Prefix caching allows reuse of computed KV caches across requests that share a common prefix (e.g., the same system prompt), dramatically reducing latency for applications with repeated long context.
Context window expansion through RoPE modification (PI, NTK, YaRN) typically requires continued pretraining or fine-tuning on long sequences.

Common Misconceptions

"A model with 128K context remembers everything in 128K tokens equally well." The "lost in the middle" phenomenon shows this is false. Position of information matters.
"Longer context is always better." Longer context adds latency, cost, and can introduce irrelevant information that distracts the model. For many tasks, well-curated short context outperforms dumping everything into a long context.
"Context window and training data length are the same." Models can be trained on short sequences and extended at inference time through positional interpolation, though this may require fine-tuning.
"RAG is just a workaround for small context windows." Even with million-token context, RAG remains valuable because retrieval can be more precise than relying on the model to find relevant passages in a sea of tokens, and it avoids the cost of processing irrelevant context.
"Running out of context makes the model stop." When output hits the context limit, the model generates an EOS token or is truncated. It doesn't crash -- it just stops, potentially mid-sentence.

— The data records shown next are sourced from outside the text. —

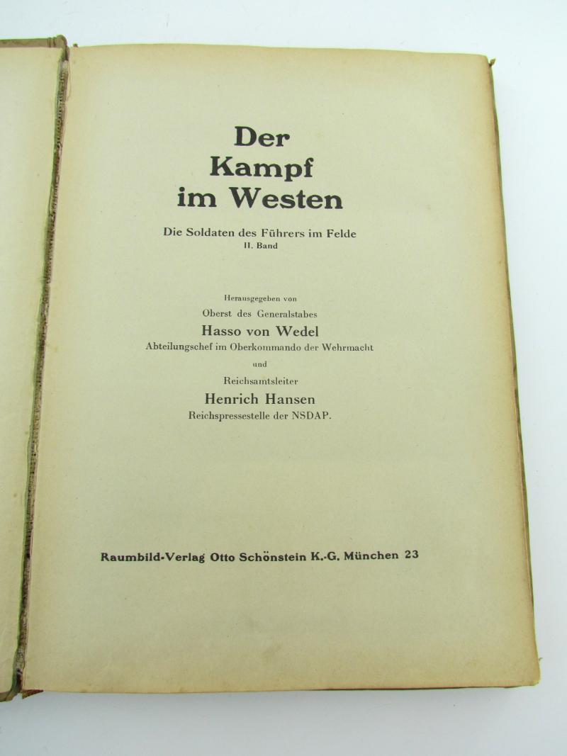 This is a hardcover 3D Book, the book was published in 1940 by the 'Raumbild-Verlag Otto Schönstein K.G.' from München. The book is covering the campaign on the western front in Holland, Belgium and France. The book is complete with all 100 stereo photographs and the special fold-out metal glasses.
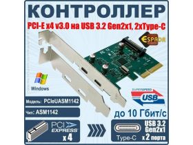 Контроллер PCI-E, USB 3.2 Gen2 Type-C 2 порта, 10Gbp, модель PCIeUASM1142, Espada 101893930963
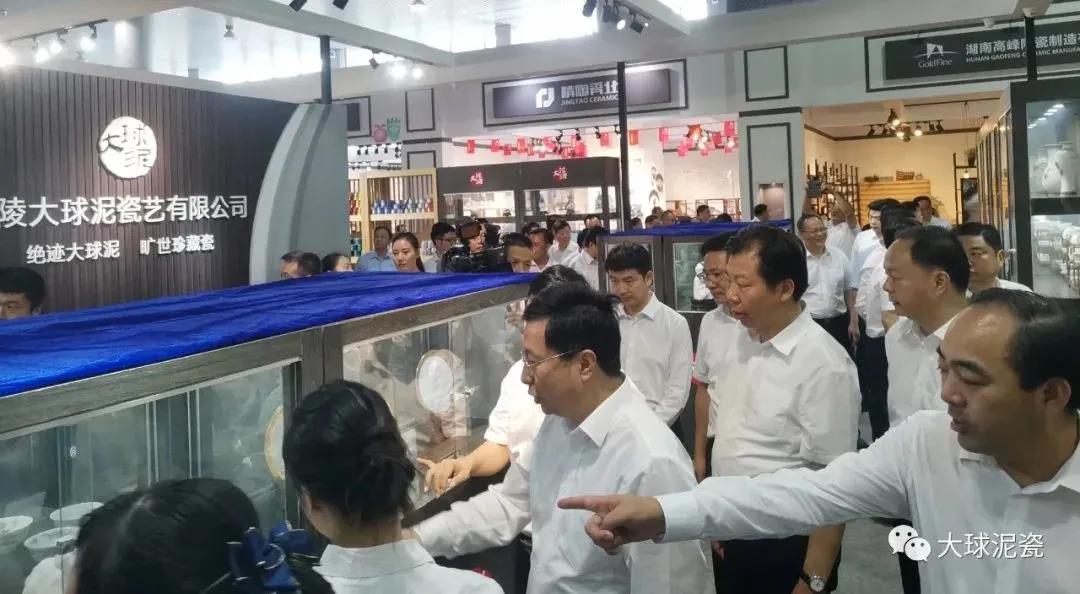 是日下午,考察團(tuán)到達(dá)醴陵國(guó)際會(huì)展中心,在醴陵市委書記胡湘之引領(lǐng)下參觀了3號(hào)館里的大球泥瓷展示廳,觀賞了大球泥瓷的百余件珍品。其中《和平》套具、《紅太陽(yáng)》偉人浮雕、《為人民服務(wù)》等作品,受到了領(lǐng)導(dǎo)們的高度贊賞。
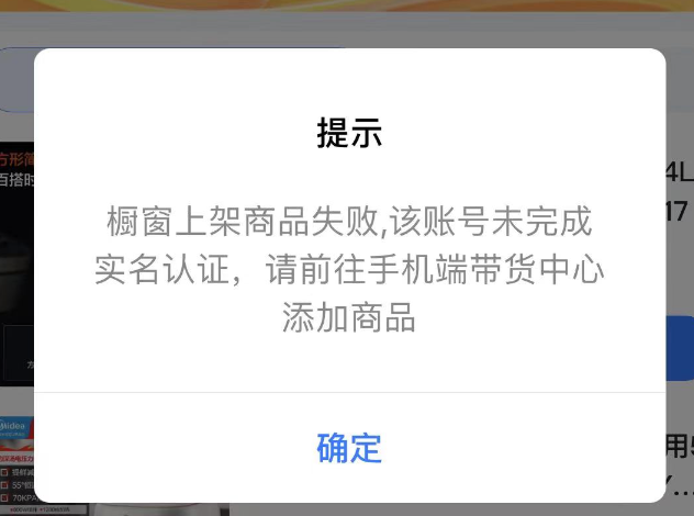 接口报错与实际不符:用户已完成实名认证,但是调用添加团长商品到橱窗时,返回错误:该账号未完成实名认证
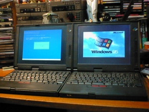 スペーサー先日友人のLibrettoのHD換装用にIBMの810MBのHDDを購入したが、これには12.5mmの空間にもあわせられるように黒いスペーサーがついていた。さっそくこいつを有効利用。これで上記の問題は一件落着。 |
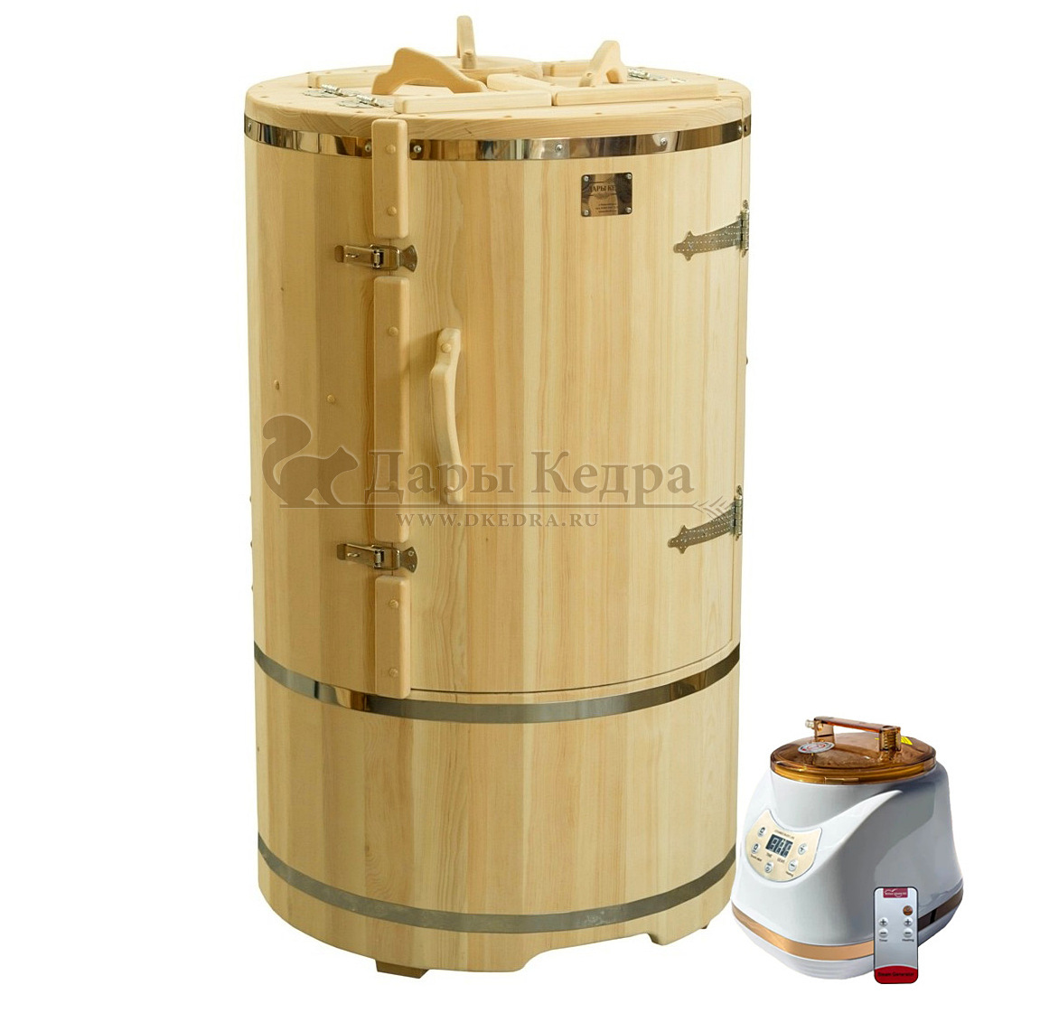 Кедровая бочка (фитобочка) круглая «Двухрежимная Профессиональная» Более продвинутая модель кедровой бочки (фитобочки). Компактное и в тоже время универсальное решение, совмещает в себе фитобочку и инфракрасную сауну. Благодаря толстым стенкам, данная модель отлично подойдет для частого домашнего или коммерческого использования. Пульт управления инфракрасной сауной и парогенератор премиум класса для кедровой бочки (фитобочки) идёт в комплекте, ничего дополнительно приобретать не нужно. Благодаря диаметру 900 мм, в этой бочке будет комфортно даже крупным людям. Купить кедровую бочку (фитобочку) круглой формы двухрежимную профессиональную Вы можете у нас на прямую по цене производителя.
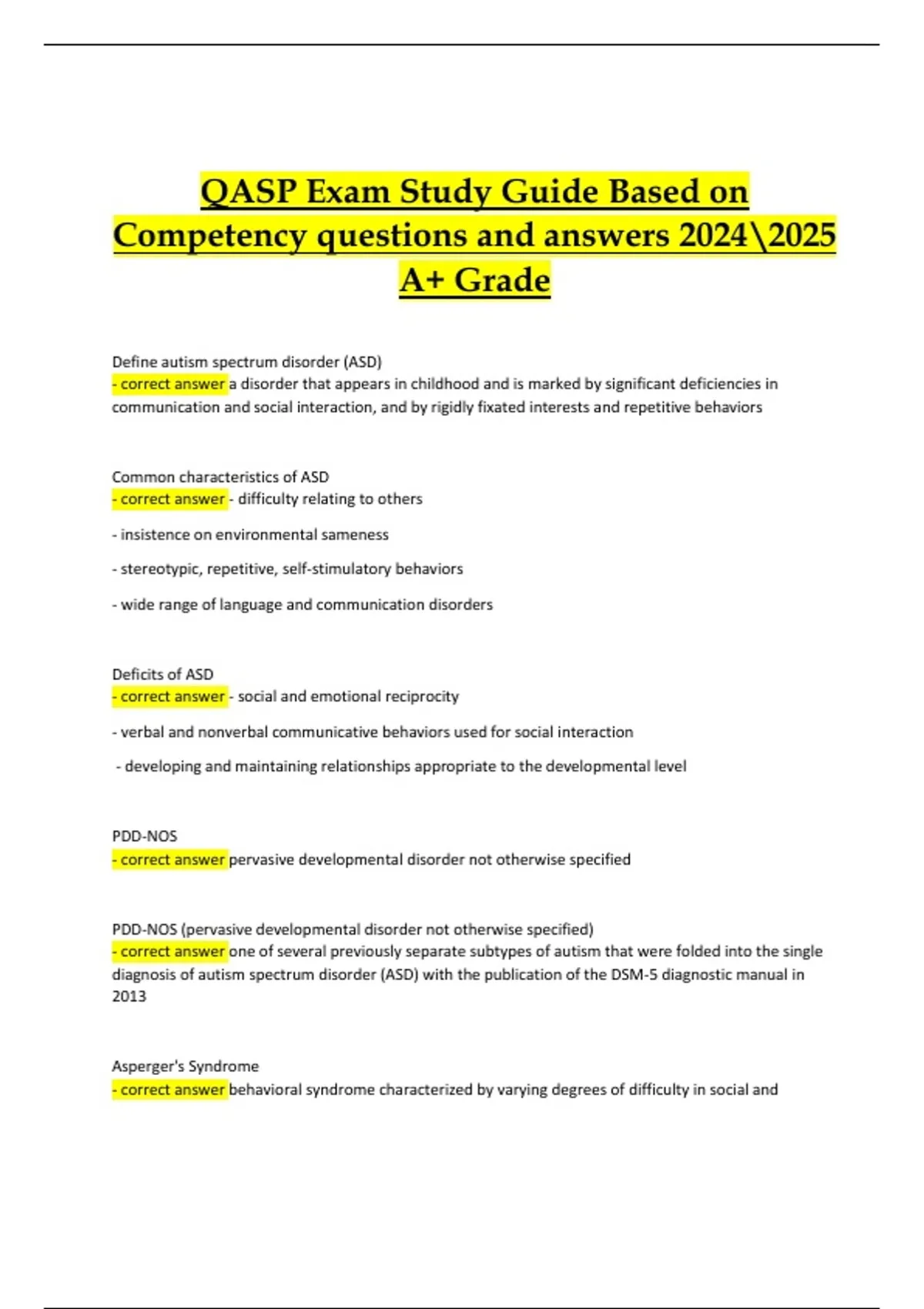 The QASP Certification Exam evaluates knowledge and skills required for professionals working in autism services and applied behavior analysis. This study guide provides real exam-style questions with detailed rationales, already graded A+, making it a trusted prep tool for guaranteed success. Learning Outcomes: Apply ABA principles to behavior intervention plans. Understand competency-based practice standards for autism services. Demonstrate ethical and professional responsibilities in client care. Use data collection and analysis to inform treatment decisions. Recognize behavioral assessment tools and intervention strategies
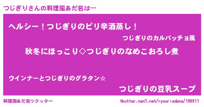 | 男性向けラノベタイトル風あだ名 | 『つじぎりに滅ぼされるだけの簡単なお仕事です』 |
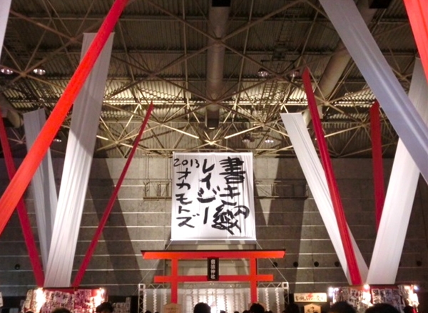 ほかにも、会場の真ん中の広場では、これも出演者が参加しての「餅つき大会」が開かれたり、物販ブースなどが集まる建屋では「音波神社」と銘打たれた鳥居があり、正面には「書き納めレイジー」と書かれた巨大な半紙。毎年、出演バンドが手がけるのが恒例で、今年はOKAMOTO'Sが書いていた。
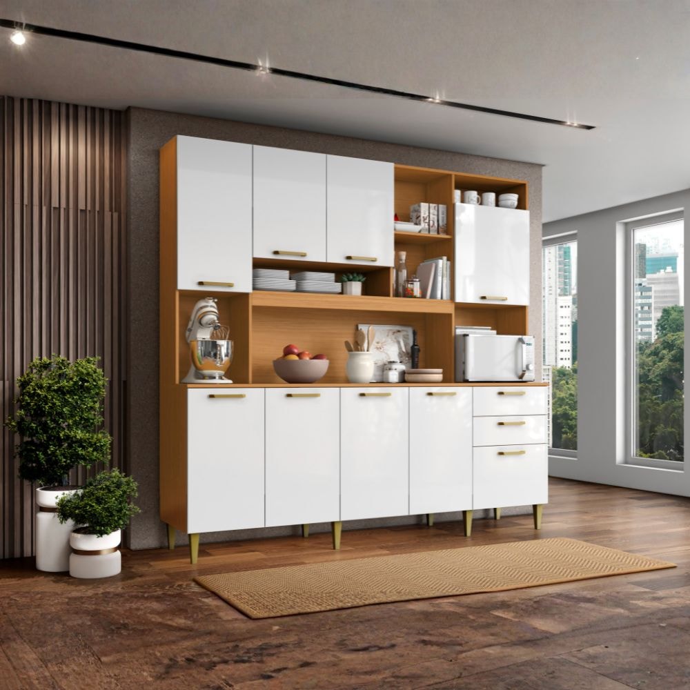 Kit Cozinha 9 Portas Mega 208 cm Cinamomo Branco ARMoveis
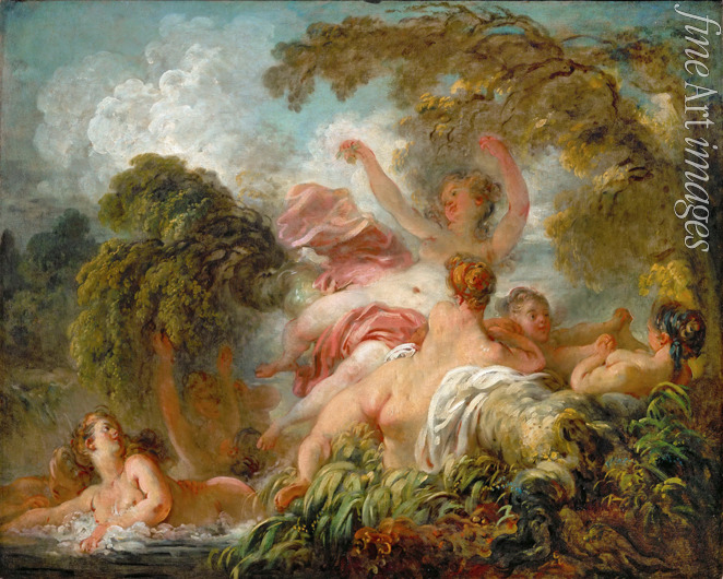 Sommer, Frankreich, Natur, Jahreszeiten, Poesie, Sommerlandschaft, Nackt, Nacktheit, Gesellschaft, Nackte Frau, Am Ufer, Fluß, Damen, Badende, Am Wasser, Belustigung, Rokoko, Unterhaltung, Galant, Amüsant, Galan, Galante Gesellschaft
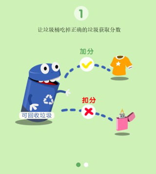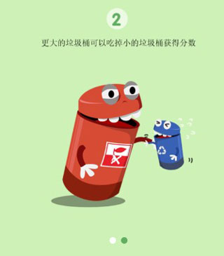 游戏玩法:以清理周边的垃圾来获得积分为目标,根据自主分配的四大阵营来获取相应的垃圾,成功选择+6分,否则扣3分,切记也不要被其他大的垃圾桶欺负。
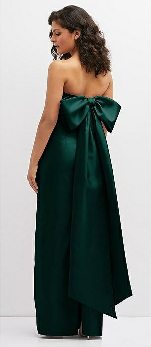 Strapless A-line Satin Gown with Modern Bow Detail in evergreen
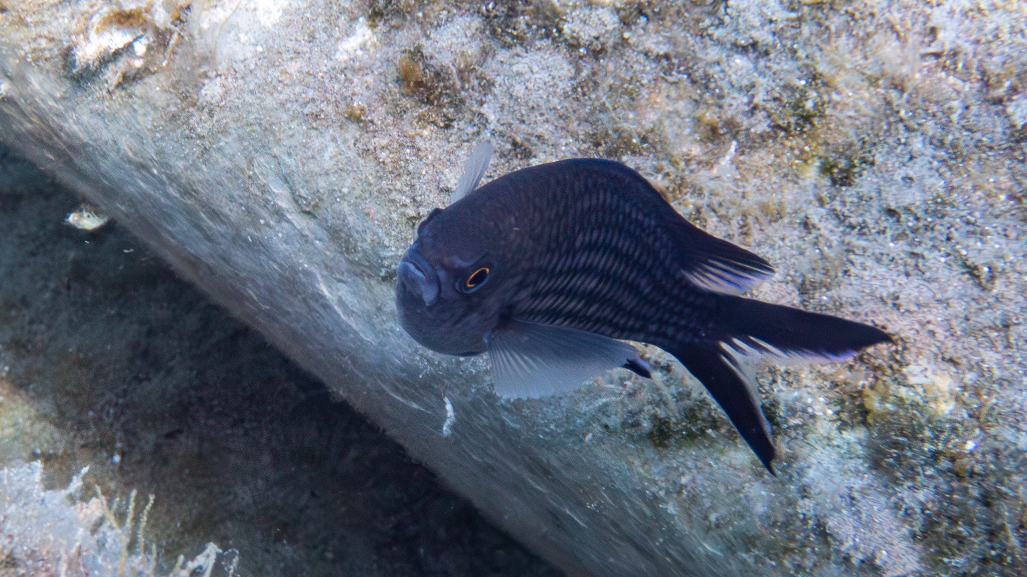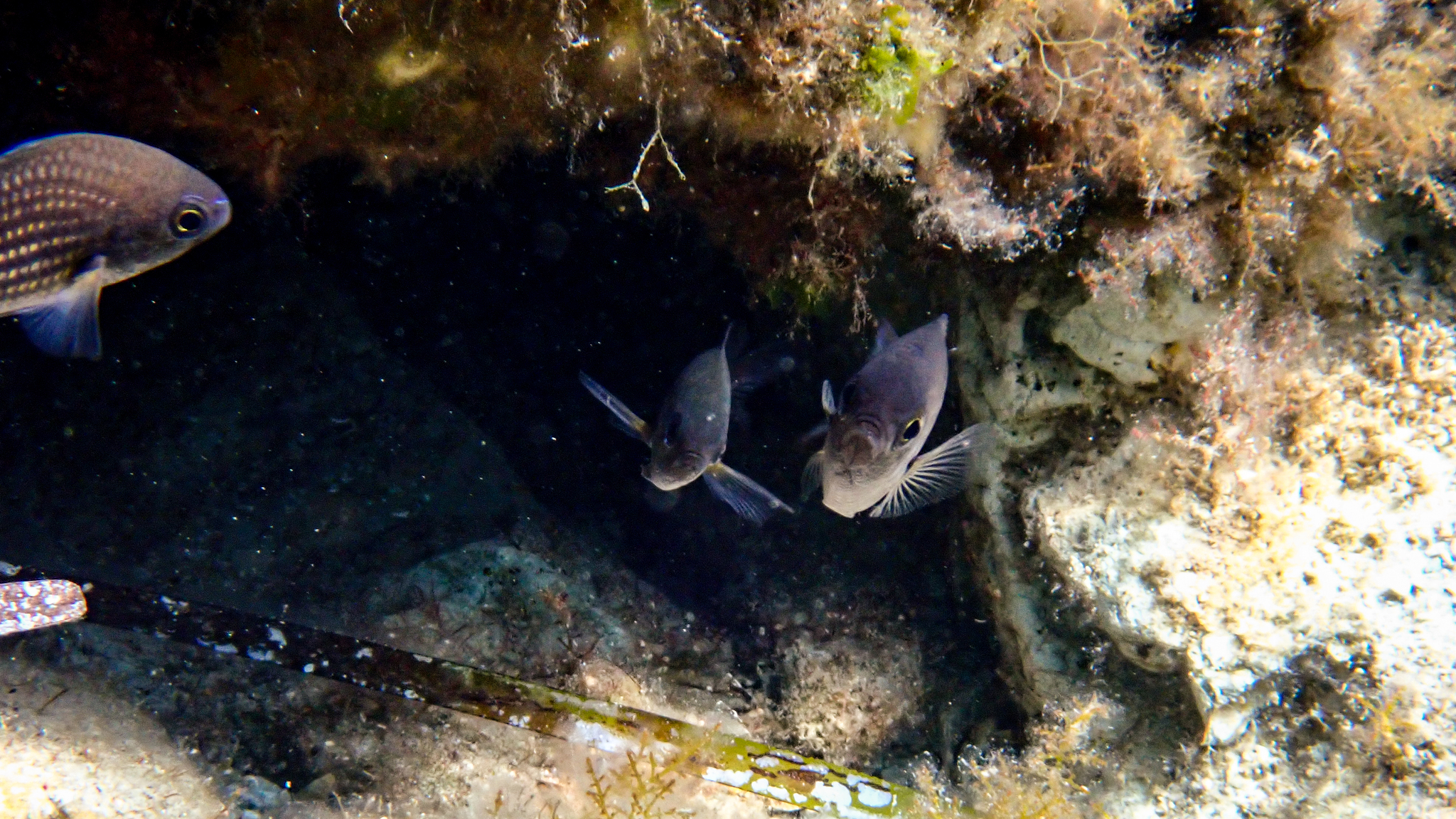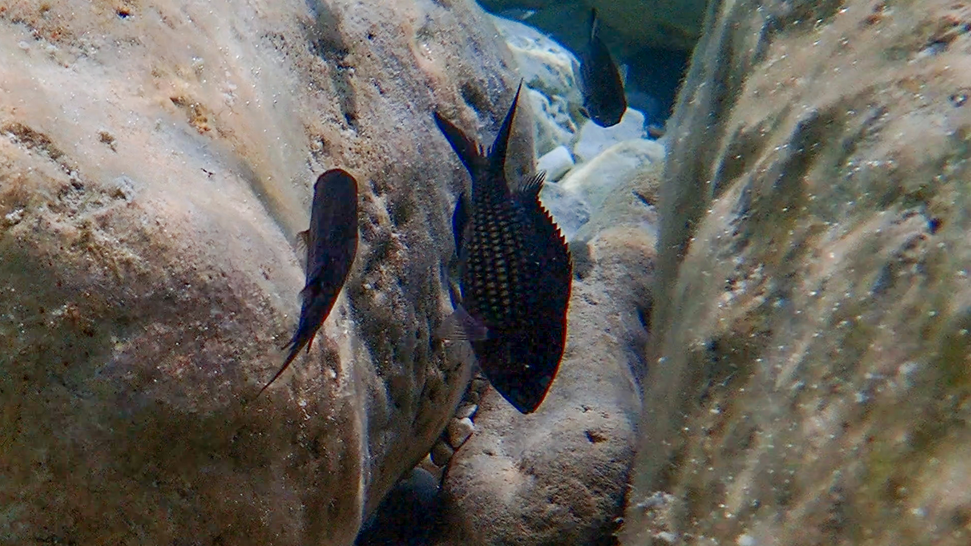 Diesen Mönchsfisch (Chromis chromis) beobachteten wir am 23. August 2024 an der Küste in der Nähe von Parga: https://www.inaturalist.org/observations/259513938
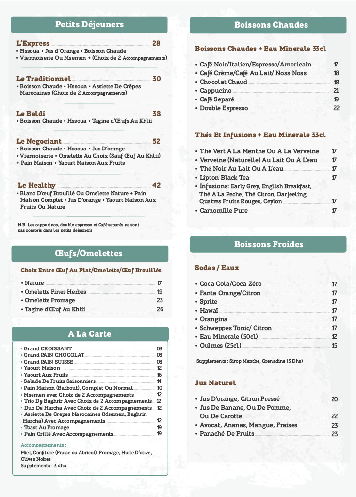 Menu Café Les Négociants
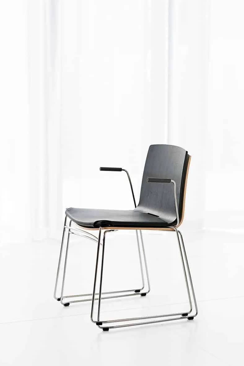 Day Lite is an auditorium chair, in fabric or leather, on runners, connectable and stackable. With or without armrests. Armrests enable hanging.
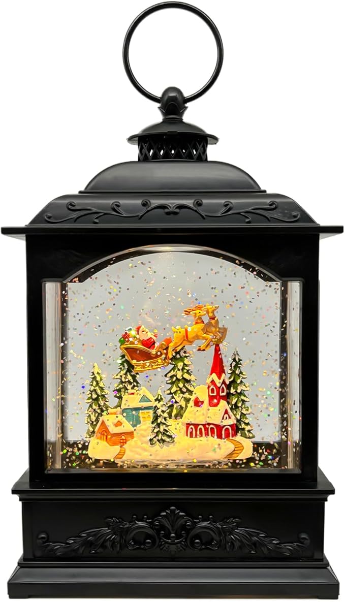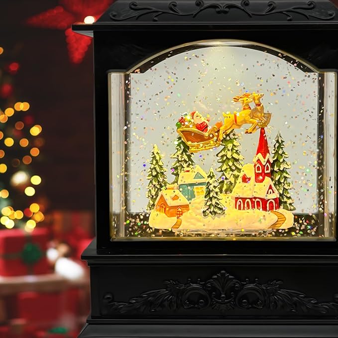 - Exclusive Holiday Design: Our Lighted Water Snow Globe Lantern is a unique Christmas decor crafted from durable plastic, featuring a charming scene of a reindeer pulling Santa Claus through the night sky, delivering presents to children on Christmas Eve. This enchanting design is complemented by continuous swirling glitter, making it a standout piece for your holiday decorations.

Connections to Other Concepts

positional-encoding.md: The positional encoding scheme determines the model's native context length and its ability to extend beyond training length.
tokenization.md: Tokenization efficiency directly converts between "words of text" and "tokens consumed," determining how much human-readable content fits in the window.
token-embeddings.md: Each position in the context window is occupied by an embedding vector; the full context is a matrix of these vectors.
special-tokens.md: The BOS token anchors position 0, and the EOS token signals the end of useful context.
self-attention.md: The quadratic cost of attention with respect to sequence length is the fundamental computational constraint on context window size.